A realização de juntas médicas na hipótese de divergência, oferece resposta adequada e desejável a situações de conflito. Não configura cerceamento de acesso à Justiça, mas sim forma de incentivo a soluções para os problemas em âmbito administrativo. Funciona, pois, como importante instrumento para evitar a judicialização.

Ademais, as juntas médicas têm o condão de funcionar como amparo à saúde e ao bem-estar do paciente. Isso porque evitar riscos desnecessários ao paciente, contém os desperdícios e, com isso garante sustentabilidade ao setor de saúde suplementar.
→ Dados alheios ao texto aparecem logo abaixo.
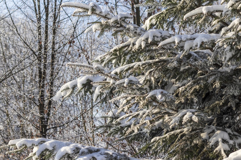Зимняя сцена с вечнозелеными деревьями, саженцами, покрытыми снегом

A maior disseminação do instrumento das juntas médicas pode ser um dos componentes deste esforço de reabilitação, em conjunto, claro, com outras importantes mudanças estruturais, como a redefinição dos ritos de incorporação de novos medicamentos, procedimentos e tratamentos adotados no país. Em particular, as juntas médicas deveriam compor, com especial relevo, o ecossistema que define as coberturas de pacientes transtorno do espectro autista considerando o surgimento crescente de métodos e técnicas e a demanda exponencial de atendimentos demandados aos planos de saúde.

A judicialização apresenta-se como um dos principais fatores a onerar os sistemas de saúde. Não se desconsidera a legitimidade do direito de acesso à Justiça, mas os abusos e o uso desnecessário do Poder Judiciário precisam ser combatidos. E é por isso que se revela importante dispormos de instrumentos técnicos, baseados em dados e evidências, para auxiliar os juízes em suas tomadas de decisão, a bem da sociedade. A utilização da junta médica é um desses caminhos, e merece ser olhada com mais carinho e atenção.